* [Task goal]
Start at the top of the records and, please, print each line exactly through the line that contains "Easily personalize this", leaving out all pictures.

* [Records for the task]
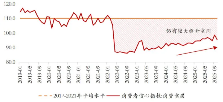 2、居民消费情绪呈现持续改善趋势,2025年10月消费者信心指数达95.5,与历史均值水平相比仍有提升潜力。
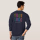 Easily personalize this navy blue long sleeve shirt with your own company logo and custom text. You can optionally print on both the back and front.* Unisex style for men and women available in other colors and adult sizes S to 2XL. Made with preshrunk cotton. No minimum order quantity and no setup fee.
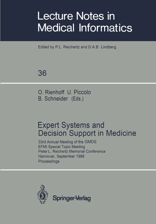 The 33rd Annual Meeting of the German Association for Medical Documentation, Informatics and Statistics was combined with a Special Topic Conference of the European Federation for Medical Informatics and takes place at Hannover, F. R. of Germany, from September 26 to 29, 1988. It was planned and initililly prepared by the late Prof. P. L Reichertz, who headed the Hannover institute from 1969 to 1987. To commemorate his contribution to the development of medicine the conference was devoted to him "Peter Reichertz Memorial Conference on Expert Systems and Decision Support in Medicine" Since computers in the early Fifties were first applied to support medical reasoning, various phases of euphoria and resi ation have . followed. Every new methodology which became technically possible was and will be applied to the old questlon of how to diagnose diseases more reliably. Artificial Intelligence is just one new approach to the old challenge. Over the years some- authors have been very optimistic and put forward opinions which motivated the common press to coin the phrase 'Dr. med. computer'. Papers printed under this heading rebuffed the majority of physiCians for many years. Today we know that medical decision making is a most complex buman performance. And 30 years of research on decision support have given us only limited insight into the underlying processes. Most of the principal methodological questions were already asked very early on.
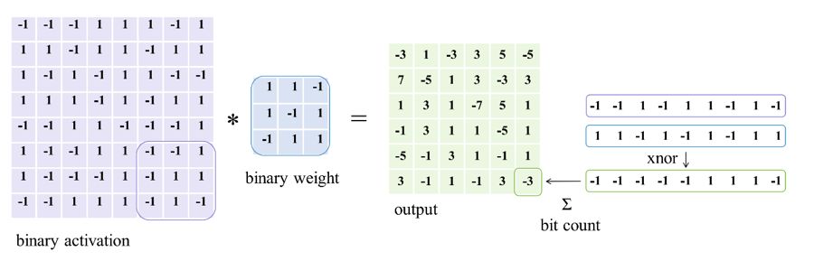 深度卷积神经网络(CNN)由于精度高在视觉任务中已经有非常广泛的应用,但是 CNN 的模型过大限制了它在很多移动端的部署。模型压缩也因此变得尤为重要。在模型压缩方法中,将网络中的权重和激活都只用+1 或者-1 来表示将可以达到理论上的 32 倍的存储空间的节省和 64 倍的加速效应。由于它的权重和激活都只需要用 1bit 表示,因此极其有利于硬件上的部署和实现。
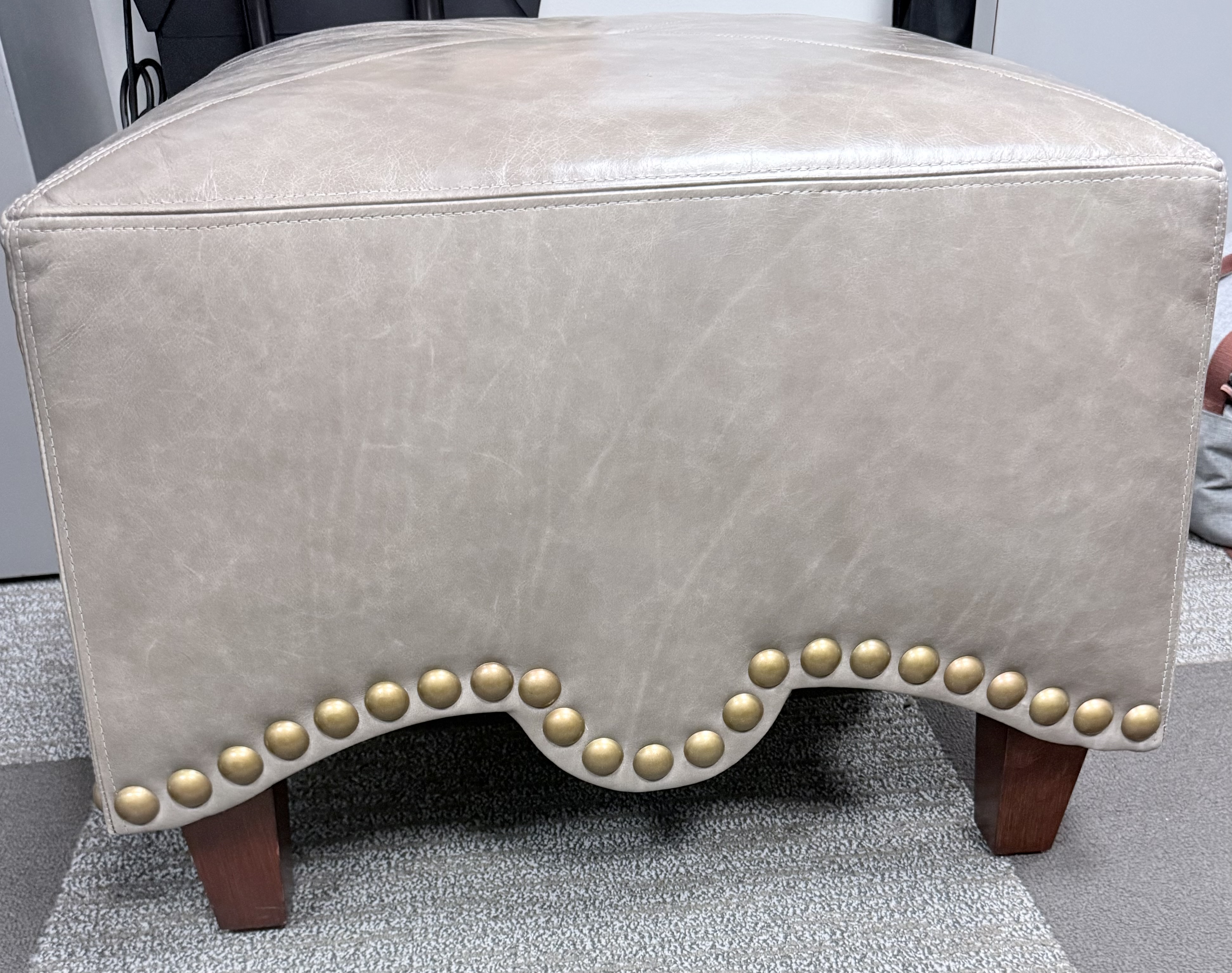 Add timeless sophistication to your space with this beautifully crafted leather ottoman, featuring classic brass nailhead accents and luxurious texture. Perfect as a statement piece or functional accent in any room.
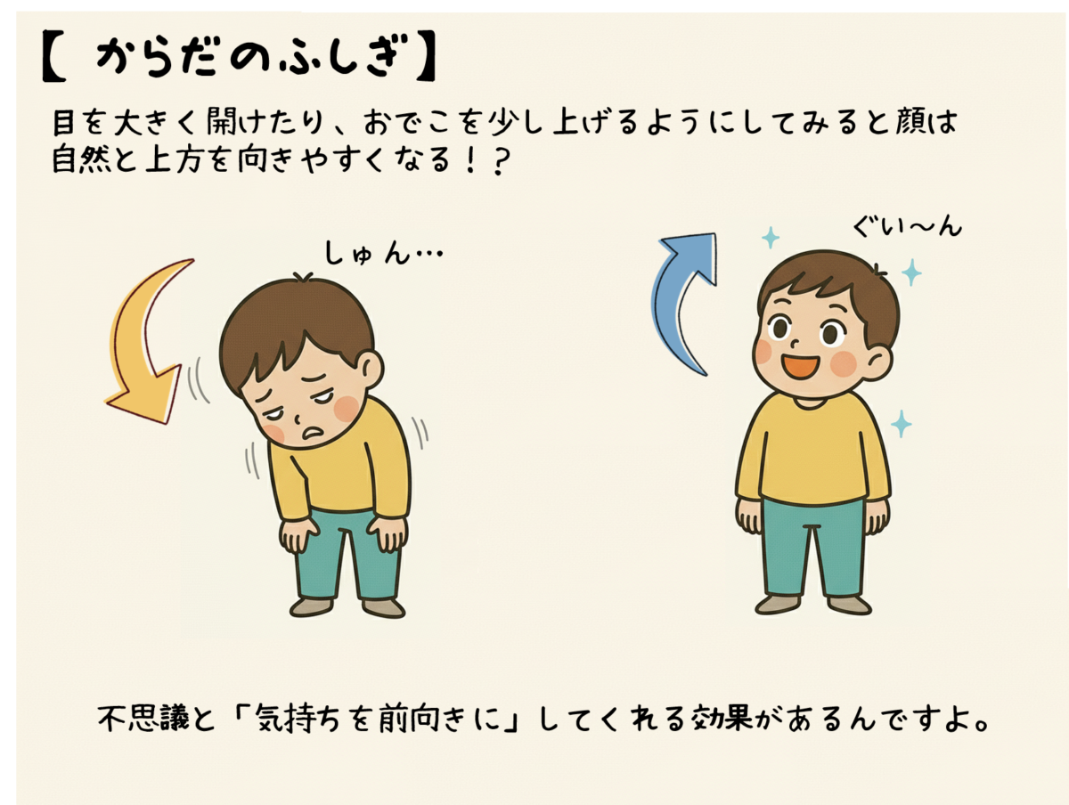 たとえば、気分が落ち込んでいる時、自然とうつむきがちになりますよね。そんな時、少し意識して顔を上げてみましょう。
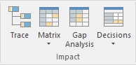 A model is a structure of Packages and elements, most of which have interactions with each other at various levels. The 'Impact' panel provides a set of facilities for establishing how the objects interact and - equally important - where actions and interactions are missing.
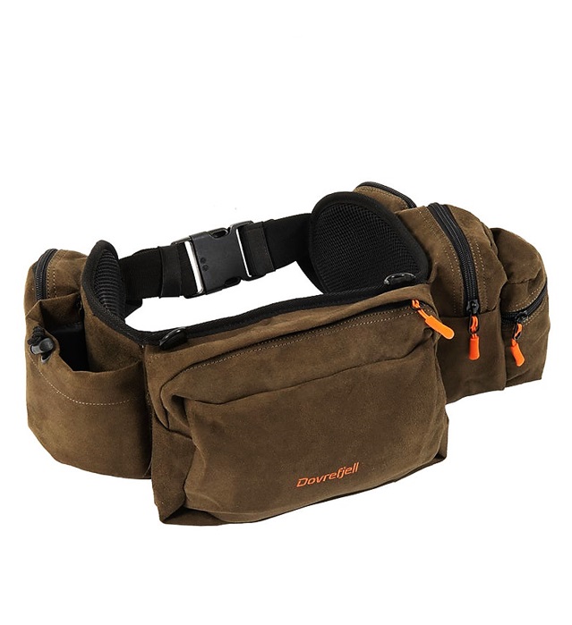 Käytännöllinen Dovrefjell Forest vyölaukku päiväretkeilyyn, metsästykseen ym.. Dovrefjell Forest vyölaukussa on yhteensä neljä pientä taskua ja yksi iso – kaikki suljetaan vetoketjulla. Lisäksi siinä on myös vetonauhallinen tasku ylhäällä vesipulloa varten. Säädettävä lantiovyö edessä.
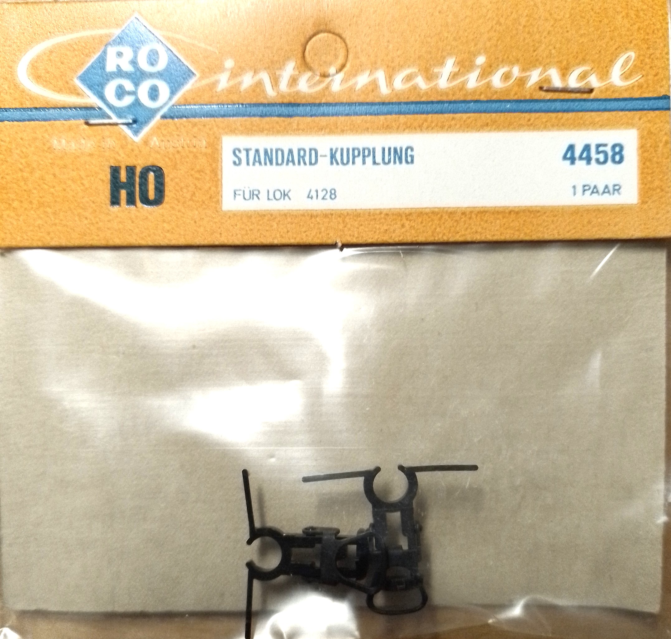 Roco 40206: H0 Original-Ersatzteil 4458 Standardkupplung alt, passend u.a. zur E-Lok E 69, Modell 4128. 1 Paar.
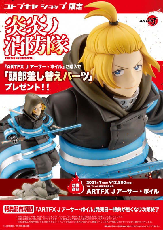 「ARTFX J 亞瑟·波義耳」1/8比例模型,尺寸全高約 205 mm,以漫畫第二集封面作為設計靈感,將穿著帶有青色線條的第八特殊消防隊制服、手持「王者之劍」的戰鬥造型立體化。有別於平時嘻笑中二的模樣,以穩重而認真的表情呈現亞瑟的魄力!更在身上的青線、刀身以及瞳孔皆採用螢光塗料,在黑暗中會發出光亮,展現系列的一貫特色與作品中的特殊色調。
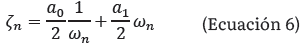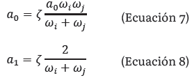 Los coeficientes α0 y α 1 se determinan a partir de fracciones de amortiguamiento, las cuales son calculadas con las siguientes expresiones:
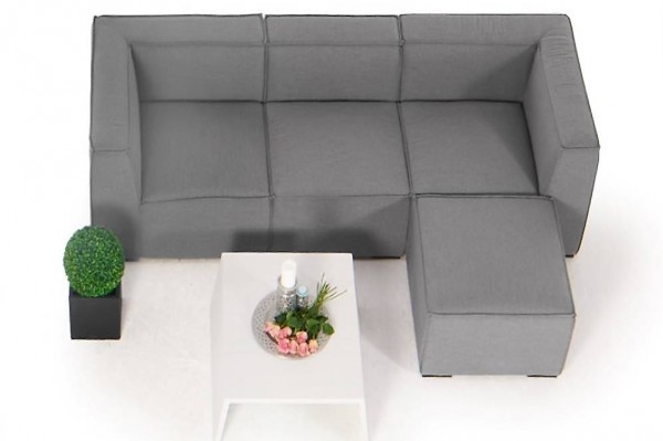 Durch den wohnlichen Touch wirkt die Lounge nicht nur einladend, sondern bietet auch einwandfreien Komfort. Die Outdoor Lounge in der Farbe Grau, besteht aus zwei Eckteilen, einem Mittelteil, einem Fusshocker und einem Tisch.

* [Task output]
 2、居民消费情绪呈现持续改善趋势,2025年10月消费者信心指数达95.5,与历史均值水平相比仍有提升潜力。
 Easily personalize this navy blue long sleeve shirt with your own company logo and custom text. You can optionally print on both the back and front.* Unisex style for men and women available in other colors and adult sizes S to 2XL. Made with preshrunk cotton. No minimum order quantity and no setup fee.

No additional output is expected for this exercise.